View source on GitHub

A driver that runs a python policy in a python environment.

Inherits From: Driver

tf_agents.drivers.py_driver.PyDriver(
    env, policy, observers, transition_observers=None, max_steps=None,
    max_episodes=None
)

Used in the notebooks

Used in the tutorials

Args:

  • env: A py_environment.Base environment.
  • policy: A py_policy.Base policy.
  • observers: A list of observers that are notified after every step in the environment. Each observer is a callable(trajectory.Trajectory).
  • transition_observers: A list of observers that are updated after every step in the environment.

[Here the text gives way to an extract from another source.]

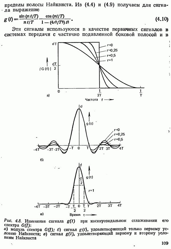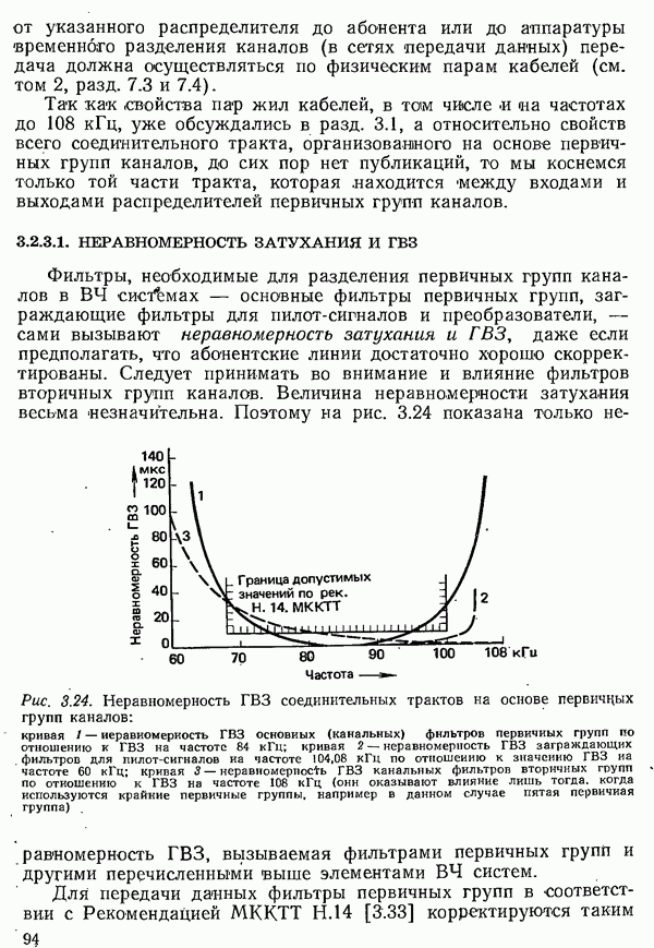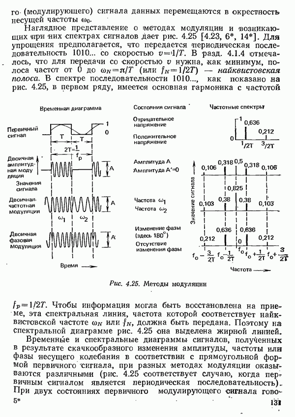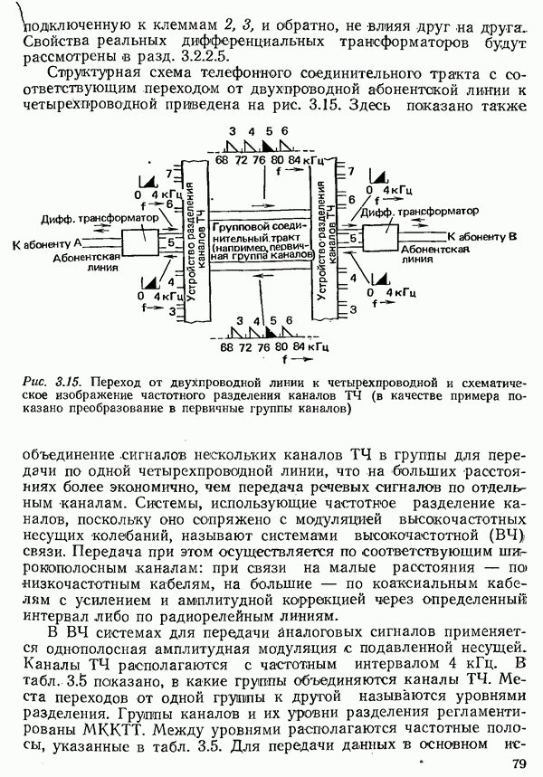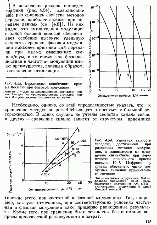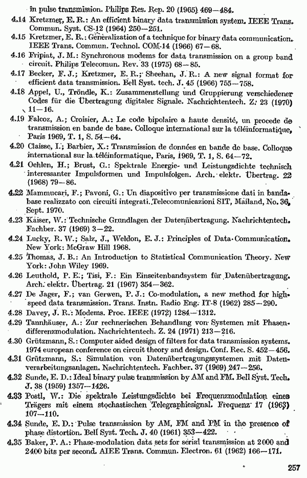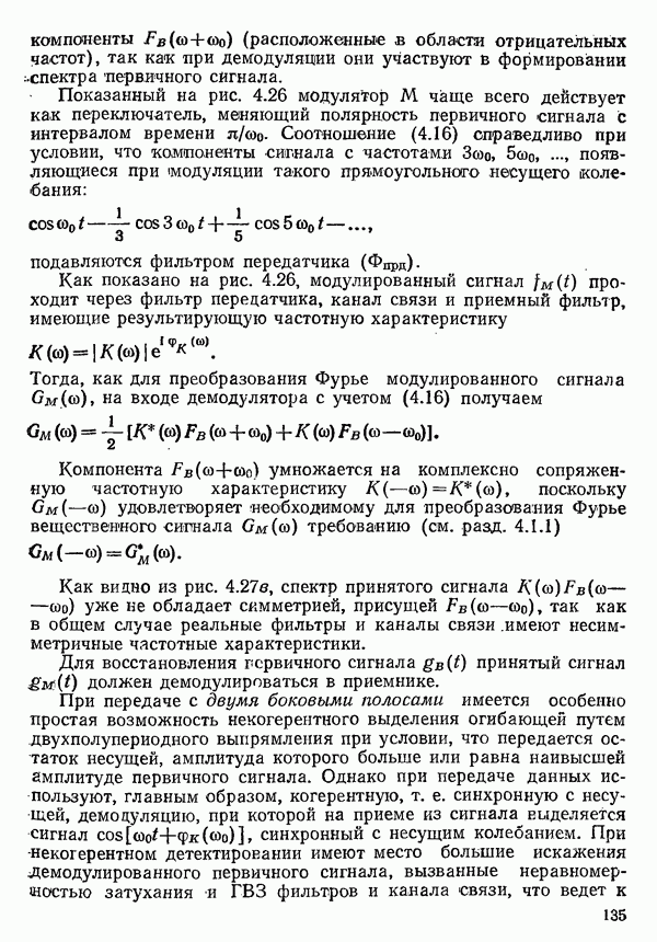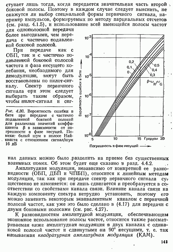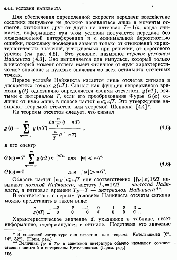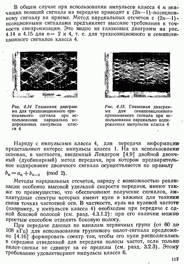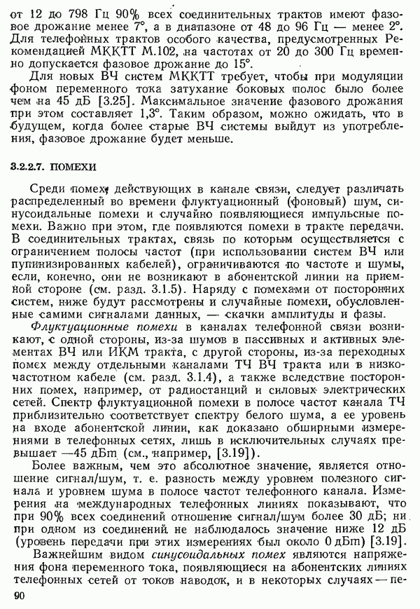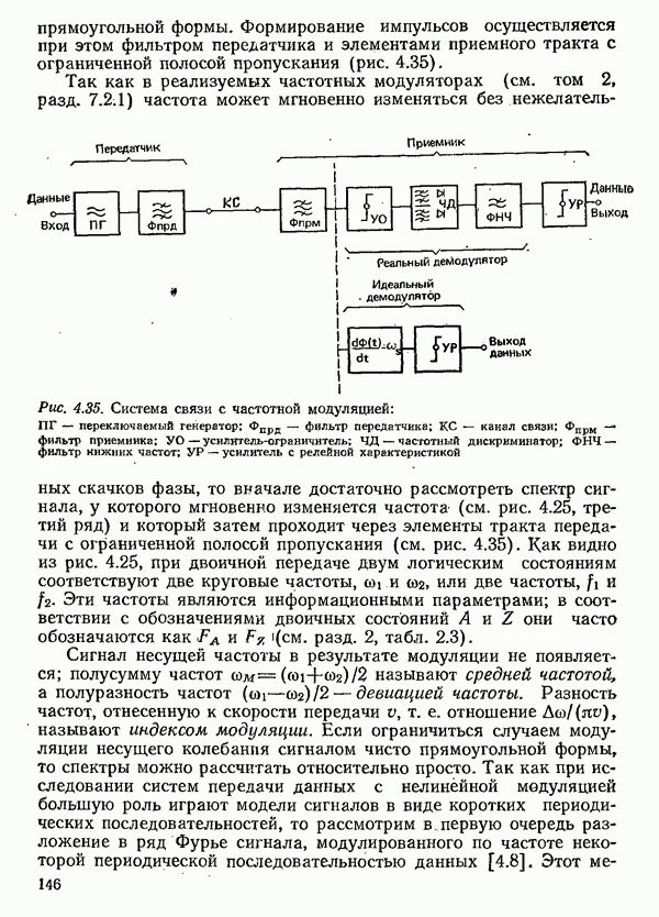 5.3. КОРРЕКЦИЯ ПРИНИМАЕМОГО СИГНАЛА ДАННЫХВ разд. 5.2 обсуждалось влияние характеристик канала связи на передачу сигналов данных. Влияние случайной помехи можно свести к минимуму в а счет надлежащей частотной избирательности цепей аппаратуры передачи данных. Характеристики и свойства каналов связи, практически постоянные во времени, — частотные характеристики затухания и ГВЗ, эхо, сдвиг частоты и периодическое дрожание фазы (джиттер фазы) — ведут к изменению формы принимаемого сигнала, а тем самым, в зависимости от метода и скорости передачи, к более сильной чувствительности к случайным помехам. Изменение формы передаваемого сигнала при высокой удельной скорости передачи может быть столь большим, что и без дополнительных помех безошибочная передача окажется уже невозможной. Так как упомянутые выше свойства канала связи практически постоянны, т. е. очень мало и медленно изменяются во времени, то их влияние можно в значительной степени скомпенсировать путем коррекции принимаемого сигнала. При этом следует различать коррекцию принимаемого аналогового сигнала и коррекцию восстановленного по нему двоичного сигнала данных. Прежде чем обсуждать коррекцию аналогового сигнала, коротко остановимся на коррекции двоичного сигнала данных. Как видно из рис. 4.42 (ем. разд. 4.4.1), показанный в строке 4 искаженно принятый аналоговый сигнал пересекает пороговый уровень с временными отклонениями В сетях передачи данных без синхронизации соединительный тракт содержит много последовательно включенных участков, которые работают асинхронно (см. том 2, разд. 11.1). Если ожидаемые во всем соединительном тракте краевые искажения слишком велики, то после одного или нескольких участков могут быть установлены корректоры, которые регенерируют знаки, передаваемые вместе со стартстопными элементами. Каждый принятый искаженный знак считывается при этом, начиная со стартового элемента, и неискаженным передается дальше. Такая коррекция зависит от скорости, а во многих случаях — и от знаков. При синхронной передаче сигнал данных, в принципе, корректируется. Наряду с тактовыми искажениями сигнала данных, при синхронной передаче необходимо принимать во внимание и тактовое дрожание. Тактовым дрожанием (тактовым джиттером) называют максимальное отклонение тактовых моментов времени от требуемых, отнесенное к требуемой длительности тактового интервала Принимаемый аналоговый сигнал данных, показанный на рис. 4.42, имеет такое искажение, которое еще не приводит к ошибочному решению. Ошибки в восстановленном двоичном сигнале, появляющиеся при более значительных искажениях, могут быть устранены лишь с помощью кодов, обнаруживающих или иоправляющих ошибки. Их можно также избежать, если корректировать уже аналоговый сигнал. Влияние незначительно и медленно меняющихся во времени характеристик канала связи на передаваемый сигнал данных основано, главным образом, на изменении с частотой затухания и ГВЗ. При этом учитывается также и эхо, которое согласно разд. 3.2.2.5 проявляется в периодических колебаниях частотных характеристик затухания и ГВЗ. В двух последующих разделах будут рассмотрены способы уменьшения влияния частотных характеристик канала за счет коррекции в частотной и временной областях. Методы уменьшения влияния периодического дрожания ф

Each observer is a callable((TimeStep, PolicyStep, NextTimeStep)). The transition is shaped just as trajectories are for regular observers.
  • max_steps: Optional maximum number of steps for each run() call. Also see below. Default: 0.
  • max_episodes: Optional maximum number of episodes for each run() call. At least one of max_steps or max_episodes must be provided. If both are set, run() terminates when at least one of the conditions is satisfied. Default: 0.

Attributes:

  • env
  • observers
  • policy
  • transition_observers

Raises:

  • ValueError: If both max_steps and max_episodes are None.

Methods

run

View source

run(
    time_step, policy_state=()
)

Run policy in environment given initial time_step and policy_state.

Args:

  • time_step: The initial time_step.
  • policy_state: The initial policy_state.

Returns:

A tuple (final time_step, final policy_state).